Ex-KZ-Sekretärin aus Stutthof bricht Schweigen: “Es tut mir leid”

In Schleswig-Holstein steht ein ehemaliger KZ-Sekretär vor Gericht. Ihr Verteidiger fordert einen Freispruch. Jetzt brach sie zum ersten Mal ihr Schweigen.

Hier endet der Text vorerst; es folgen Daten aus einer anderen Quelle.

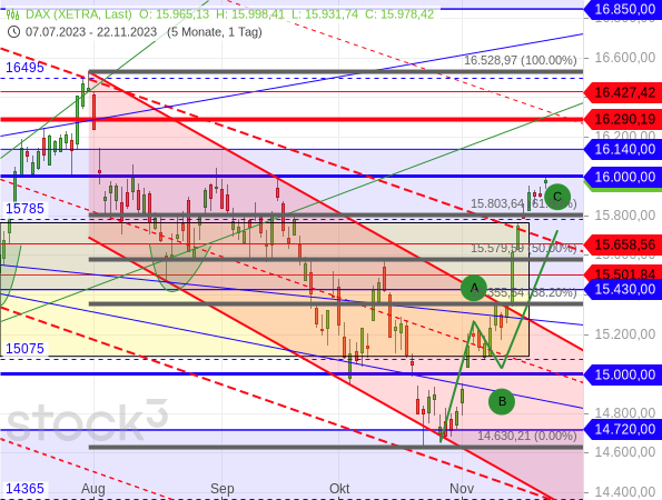 Auch dieses Niveau war für die Bullen aber noch kein Grund, eine Pause einzulegen, obwohl mit der Mittellinie bei 15.785 und dem 61,80er Fibonacci-Retracement bei 15.803,64 Punkten weitere Hürden im Weg lagen. Stattdessen zog die psychologisch wichtige Marke von runden 16.000 Punkten die Kurse an, die heute im Tageshoch fast punktgenau erreicht wurde.
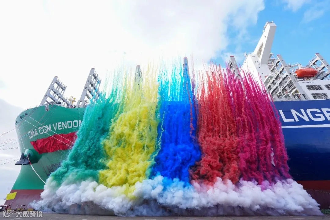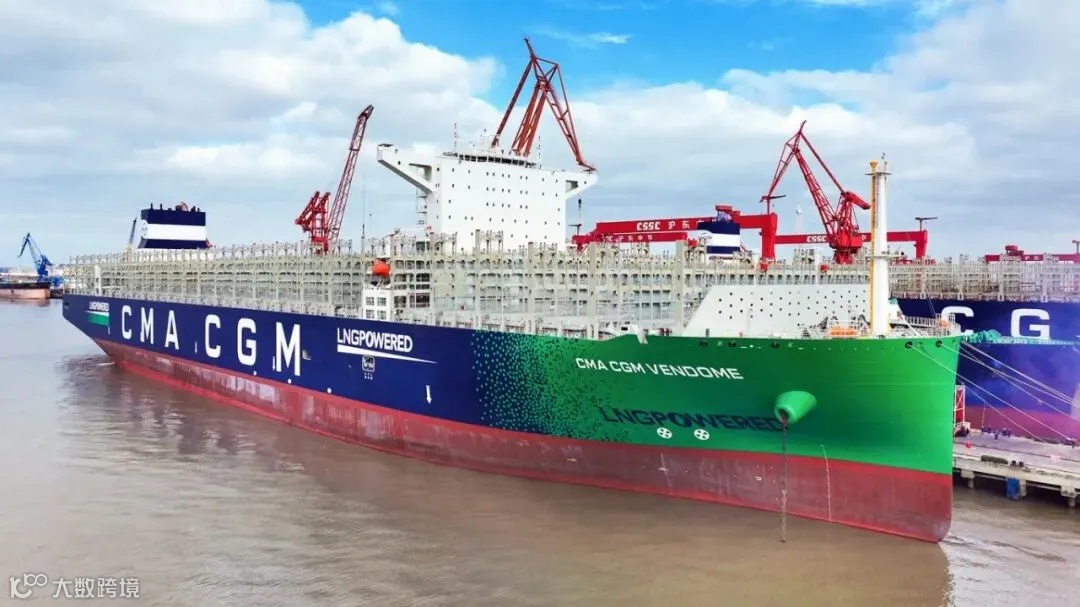 “达飞 旺多姆”号总长399米,装箱量相当于480列中欧专列的总和。该船搭载的18600立方米MARK Ⅲ型LNG燃料舱,可提供近2万海里的清洁动力续航。

Am vorletzten Tag des Prozesses gegen die ehemalige Sekretärin im KZ Stutthof brach die Angeklagte überraschend ihr Schweigen. „Es tut mir leid, was alles passiert ist“, sagte Irmgard F. am Dienstag in ihrer Schlusserklärung vor dem Amtsgericht Itzehoe. Der 97-Jährige fügte hinzu: „Ich bereue es, damals in Stutthof gewesen zu sein. Das ist alles, was ich sagen kann.“

Ihr Verteidiger Wolf Molkentin hatte zuvor einen Freispruch beantragt. Die Beweise in dem Prozess, der mehr als 14 Monate gedauert hat, haben wenig konkrete Informationen geliefert. „Unüberwindbare Zweifel bleiben“, sagte Molkentin. Der Angeklagte ist daher freizusprechen.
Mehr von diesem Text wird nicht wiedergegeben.